Вепрь и Зеф заговорили одновременно.

— Откуда вы знаете про Центр? — спросил Вепрь.

— А где ты его, этот Центр, найдёшь? — спросил Зеф.

— То, что Центр должен быть, ясно каждому мало-мальски грамотному инженеру, — сказал Максим пренебрежительно. — А как найти Центр, это и есть задача, которой мы должны заниматься. Не бегать на пулемёты, не губить зря людей, а искать Центр…

— Во-первых, всё это мы и без тебя знаем, — сказал Зеф, закипая. — А во-вторых, массаракш, никто не погиб зря! Каждому мало-мальски грамотному инженеру, сопляк ты сопливый, должно быть ясно, что, повалив несколько башен, мы нарушим систему ретрансляции и сможем освободить целый район! А для этого надо уметь валить башни. И мы учимся это делать — понимаешь ты или нет? И если ты ещё раз, массаракш, скажешь, что наши ребята гибнут зря…

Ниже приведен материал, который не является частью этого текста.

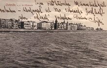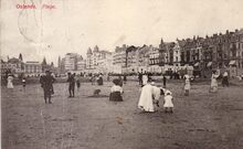 Postkaart Theys. - Ostende - La plage. - Bijgekleurde kaart. - Strandrecreatie op het Groot Strand. Op de Zeedijk, rechts, "Hotel Continental" en links, "Hotel Helvetia". In het midden, de Berlijnstraat. Omstreeks 1919 gewijzigd in Ijzertraat.
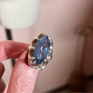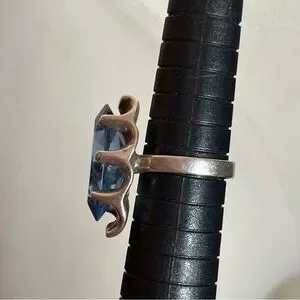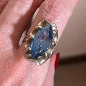 Antique art Deco Oversized Marquee Blue Topaz Brutalist Sterling Silver Ring
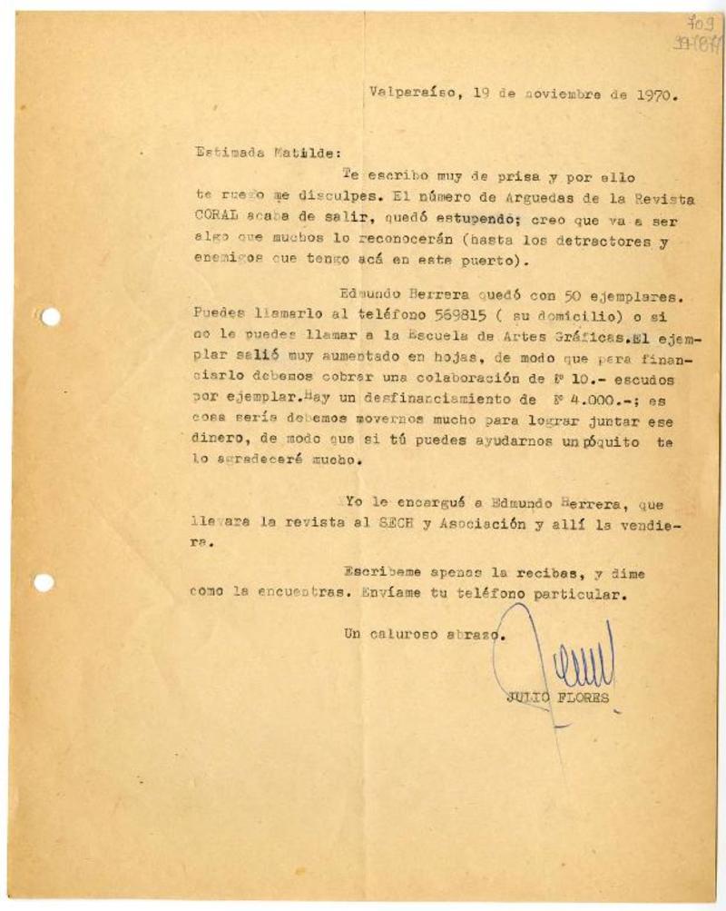 Hidalgo, Raúl - Ladrón de Guevara, Matilde - Manuscritos chilenos - Correspondencia
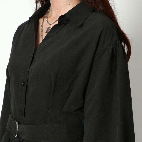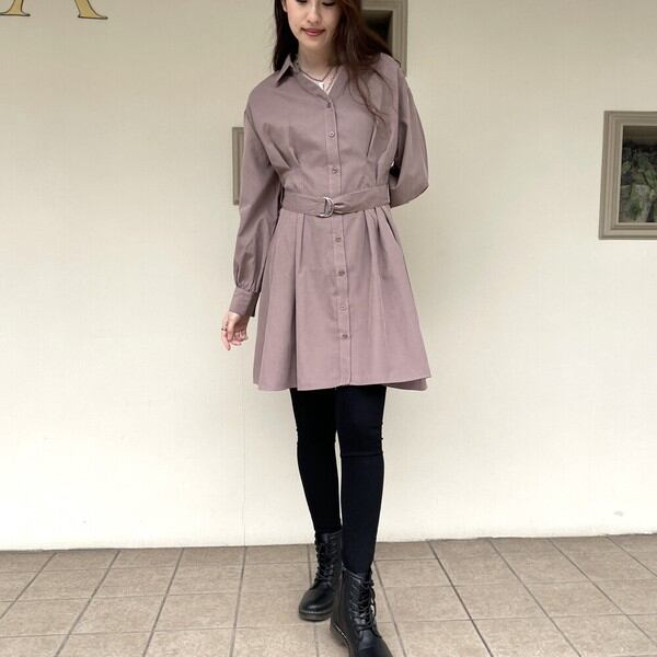 ウェストのベルトがポイントのシャツブラウスチュニックの登場★合わせやすいシンプルデザイン☆ベルトを外してワンピース風にしても◎首元は顔周りをすっきりと魅せてくれるVネック仕様でハイネックのインナーをレイヤードしてもオシャレ♪

— Подождите, — сказал Максим. — Уберите руки. Освободить район… Ну хорошо, а дальше?

— Всякий сопляк здесь приходит и говорит, что мы гибнем зря, — сказал Зеф.

— А дальше? — настойчиво повторил Максим. — Легионеры подвезут излучатели, и вам конец?

— Чёрта с два! — сказал Зеф. — За это время население района перейдёт на нашу сторону, и не так-то просто им будет сунуться. Одно дело — десяток так называемых выродков, а другое дело — десять тысяч, сто тысяч озверевших…
[1] [2] [3]



Добавить комментарий

  • Обязательные поля обозначены *.

If you have trouble reading the code, click on the code itself to generate a new random code.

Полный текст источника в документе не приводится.